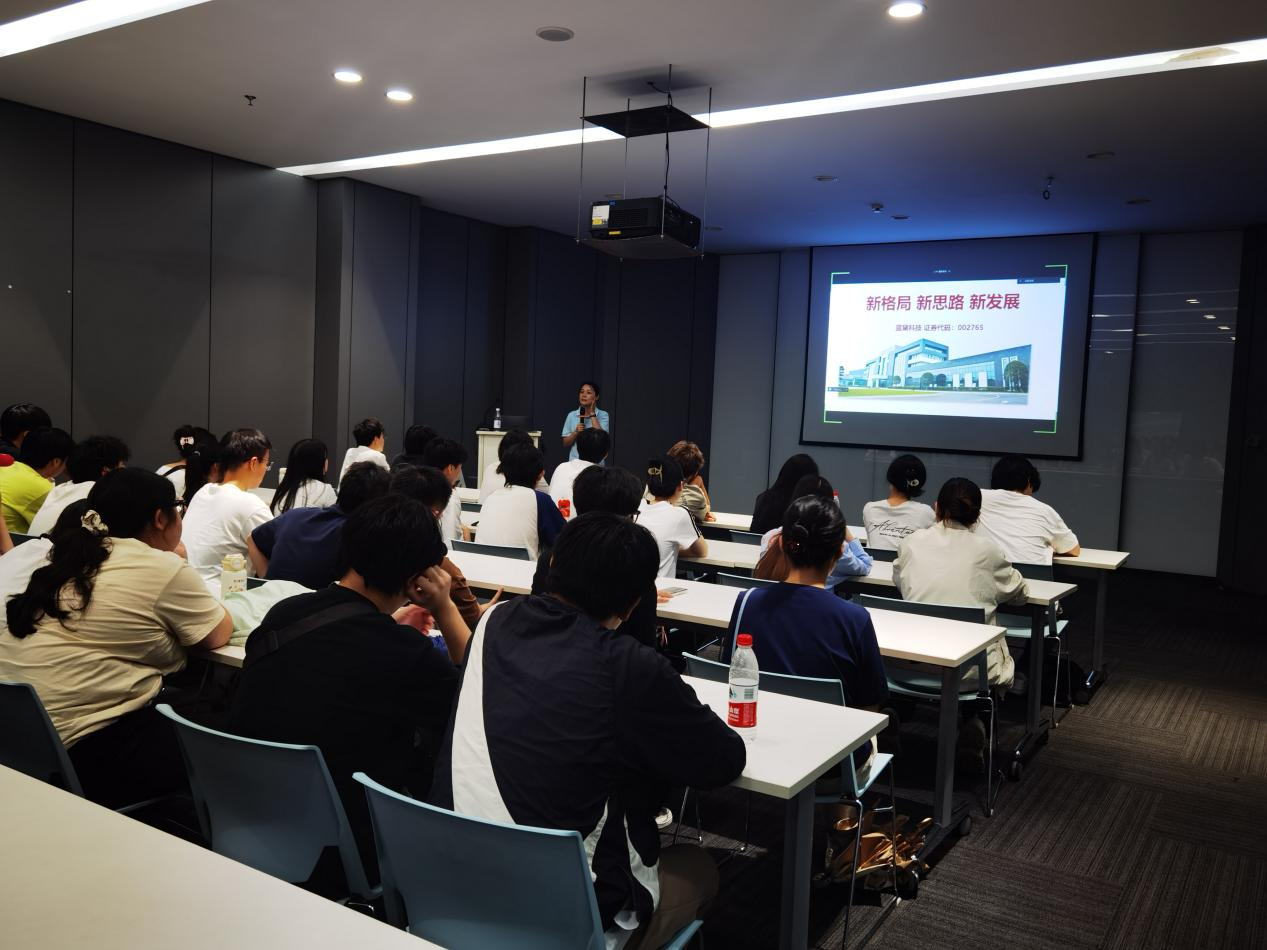 抵达蓝黛科技集团股份有限公司后,集团人力资源部徐梅总监、戴霜专员热情地接待了师生,详细地为同学们介绍了企业的发展历程、业务范围、用人理念以及asmr18等,和同学们就HR六大模块在企业的实践以及三支柱的应用进行了深入地交流。
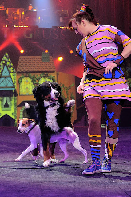 Rosi HOCHEGGER présente deux numéros dans les cirques où elle travaille : des chiens dressés et son Scout, cheval comique.
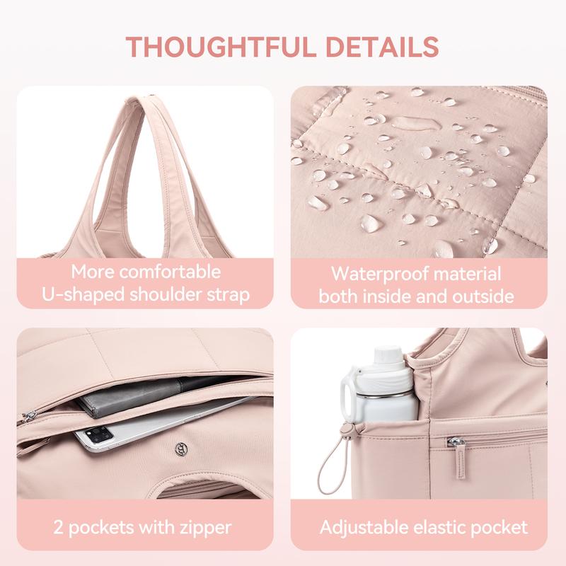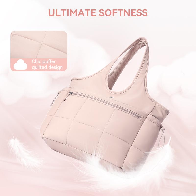 BOSTANTEN Puffy Tote Bag for Women Quilted Shoulder Bag 2PCS Large Travel Duffel Bag for Travel with Multiple Compartment
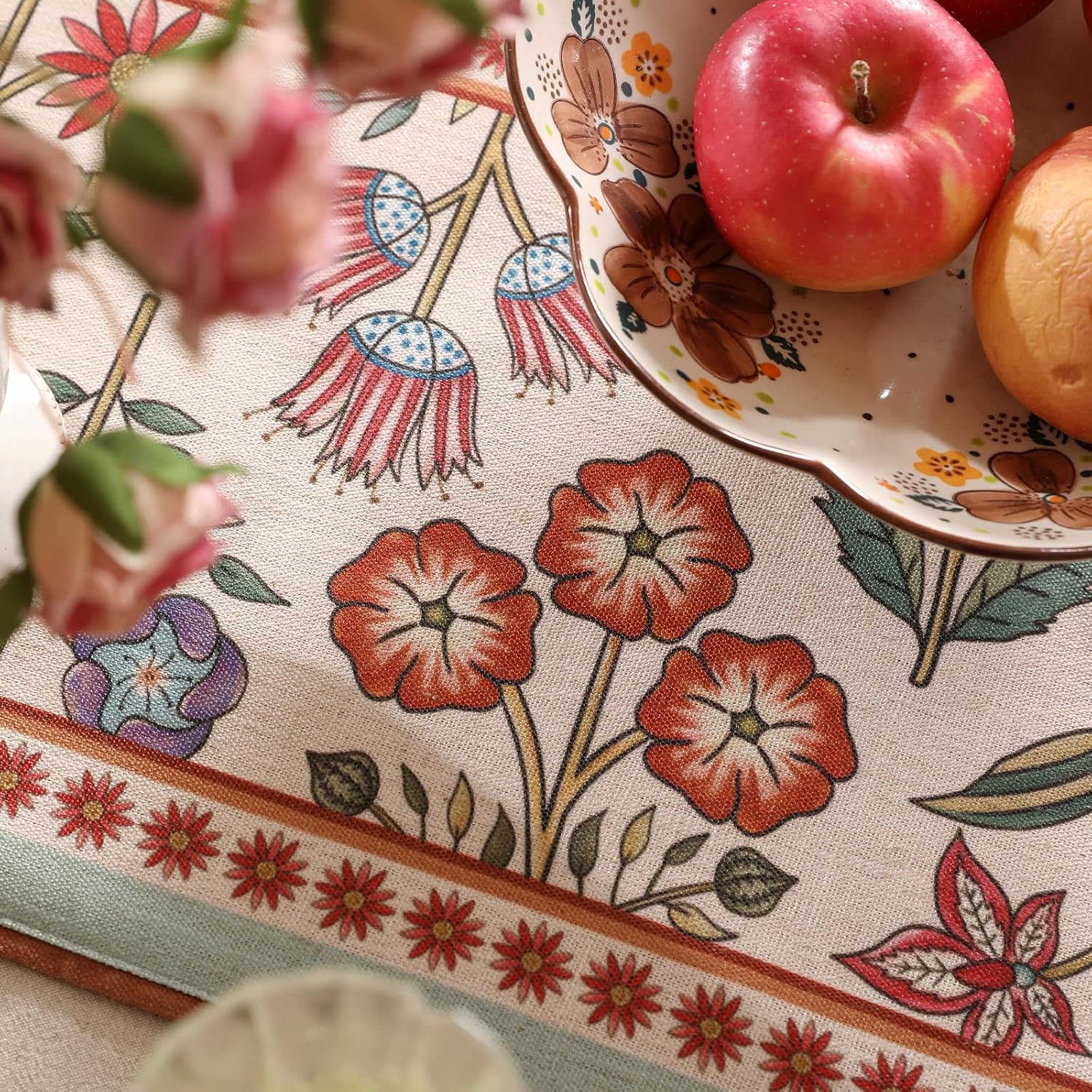 Decorative Linen French Table Runner 71 Inches Long,Green Floral Rustic Runner for Table Decor Tabletop Table Runners for Kitchen,Dining,Tea Party,Home,Christmas,12"*71"
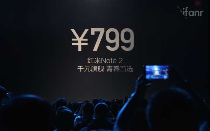8 月 13 日下午,小米在北京举行发布会,发布了 MIUI 7 及手机硬件新品红米 Note 2。采用了 MT6795 Soc 的红米 Note 2 售价为 799 元,而采用相同 Soc 的 HTC One M9+ 上市价格逾 4000 元。相比之下,红米 Note 2 的性价比凸显。图为小米发布会现场,红米 Note 2 的售价公布时刻。
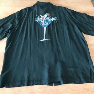 Tori Richard Shirt Men 2XL Black Blue Koi Fish Martini Button Up Button Up Silk 17327
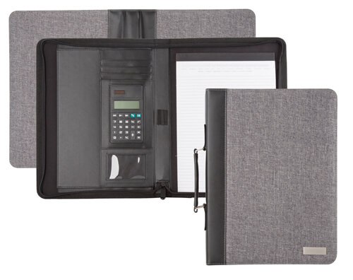A4 Dokumentenmappe mit Reißverschluss, 20-seitigem Notizblock, solarbetriebenem Rechner und Metallplate. Material: Kunstleder und Leinen.
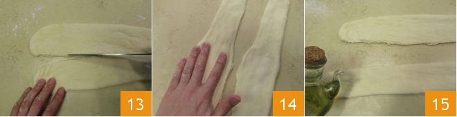 Divide the rectangle in half lengthwise 13, then spread and press lightly with your fingertips on the two strips obtained; dress the surface with a drizzle of oil 15,
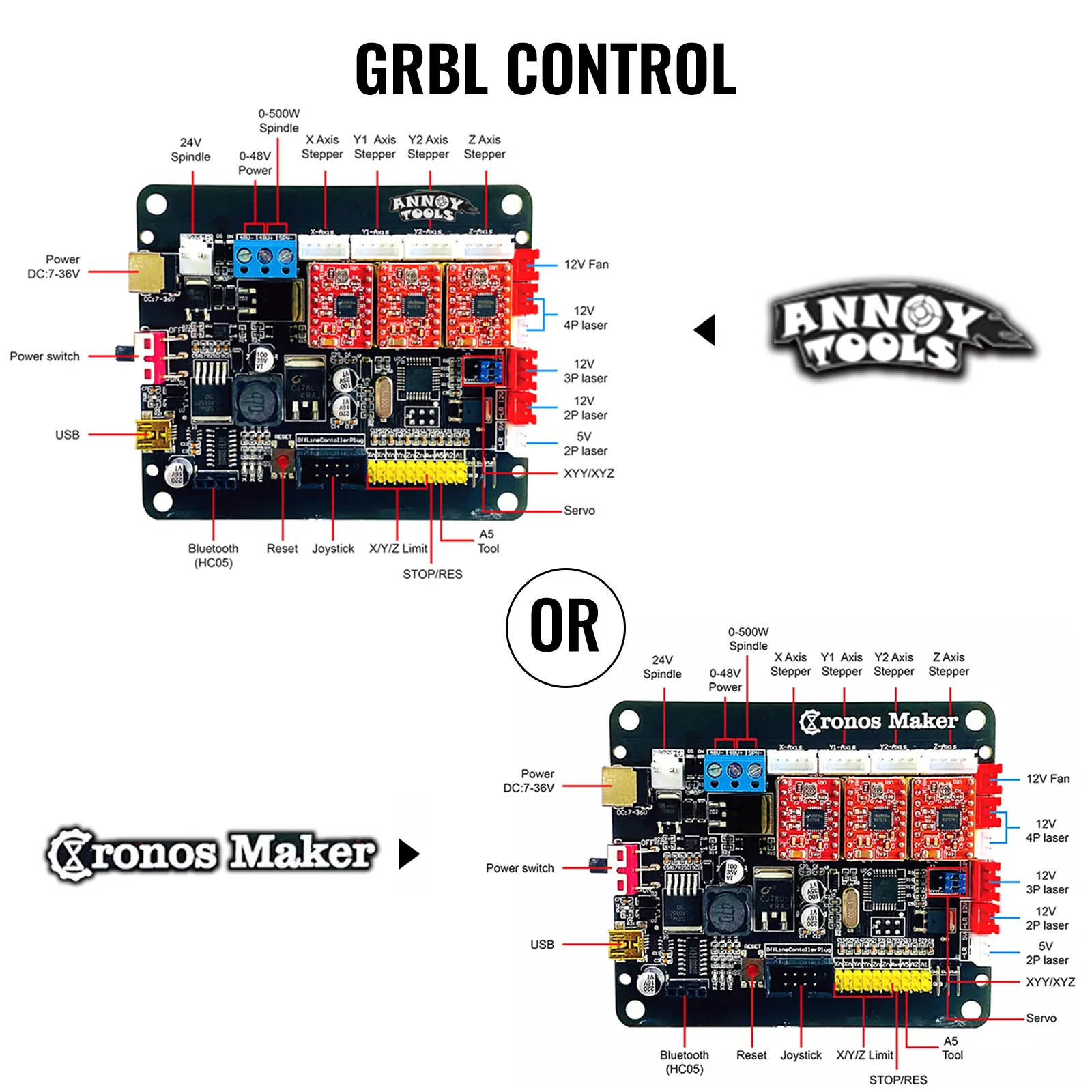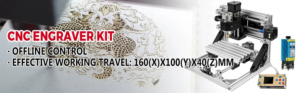 This CNC engraving machine with effective working travel of 6.3"(X)x3.9"(Y)x1.6"(Z), is made of aluminum profiles and black injection molding materials. It features USB port, GRBL control board, and an offline controller, able to be controlled easily with/without computers. An extra 500mw laser engraver is included for more powerful engraving. It can be used to engrave all types of plastics, soft aluminum, woods, PVCs, etc., which is an excellent affordable self-learning engraving tool!
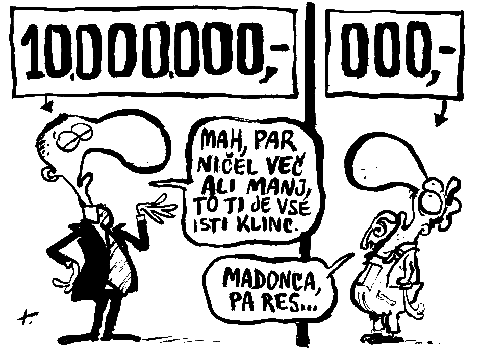 »Milijon, deset milijonov, milijarda, deset milijard, razlika je samo v ničlah zadaj. Od milijona navzgor je vse bolj ali manj podobno.«
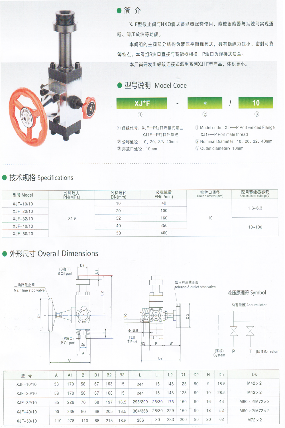 XJF蓄能器截止阀,XJF-10/10,XJF-20/10,XJF-32/10,XJF-40/10,XJF-50/10
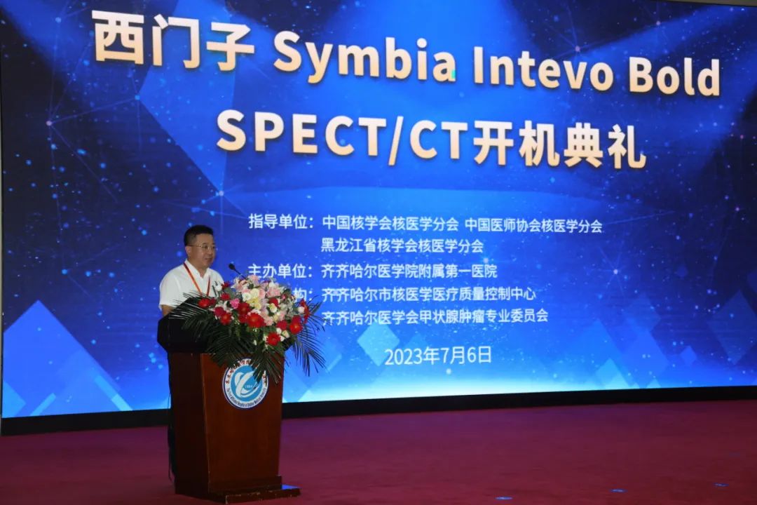 7月6日早8:38分,齐医附属一院“西门子 Symbia Intevo Bold SPECT/CT 开机典礼”在学术报告厅举办并取得了圆满成功。开机典礼由医院党委书记刘晖主持,中国核医学的泰斗级专家,齐齐哈尔市甲状腺肿瘤专业委员会和核医学专业委员会的各位同道,齐医附属一院领导班子成员、科主任、护士长、职能科室科长两百余人参加典礼。

════════

> REQUIRED ACTION:
All that is wanted is the run of lines from the start of the material through the line that holds "Divide the rectangle", retyped exactly, with no pictures.

> WRITTEN ANSWER:
 抵达蓝黛科技集团股份有限公司后,集团人力资源部徐梅总监、戴霜专员热情地接待了师生,详细地为同学们介绍了企业的发展历程、业务范围、用人理念以及asmr18等,和同学们就HR六大模块在企业的实践以及三支柱的应用进行了深入地交流。
 Rosi HOCHEGGER présente deux numéros dans les cirques où elle travaille : des chiens dressés et son Scout, cheval comique.
 BOSTANTEN Puffy Tote Bag for Women Quilted Shoulder Bag 2PCS Large Travel Duffel Bag for Travel with Multiple Compartment
 Decorative Linen French Table Runner 71 Inches Long,Green Floral Rustic Runner for Table Decor Tabletop Table Runners for Kitchen,Dining,Tea Party,Home,Christmas,12"*71"
8 月 13 日下午,小米在北京举行发布会,发布了 MIUI 7 及手机硬件新品红米 Note 2。采用了 MT6795 Soc 的红米 Note 2 售价为 799 元,而采用相同 Soc 的 HTC One M9+ 上市价格逾 4000 元。相比之下,红米 Note 2 的性价比凸显。图为小米发布会现场,红米 Note 2 的售价公布时刻。
 Tori Richard Shirt Men 2XL Black Blue Koi Fish Martini Button Up Button Up Silk 17327
A4 Dokumentenmappe mit Reißverschluss, 20-seitigem Notizblock, solarbetriebenem Rechner und Metallplate. Material: Kunstleder und Leinen.
 Divide the rectangle in half lengthwise 13, then spread and press lightly with your fingertips on the two strips obtained; dress the surface with a drizzle of oil 15,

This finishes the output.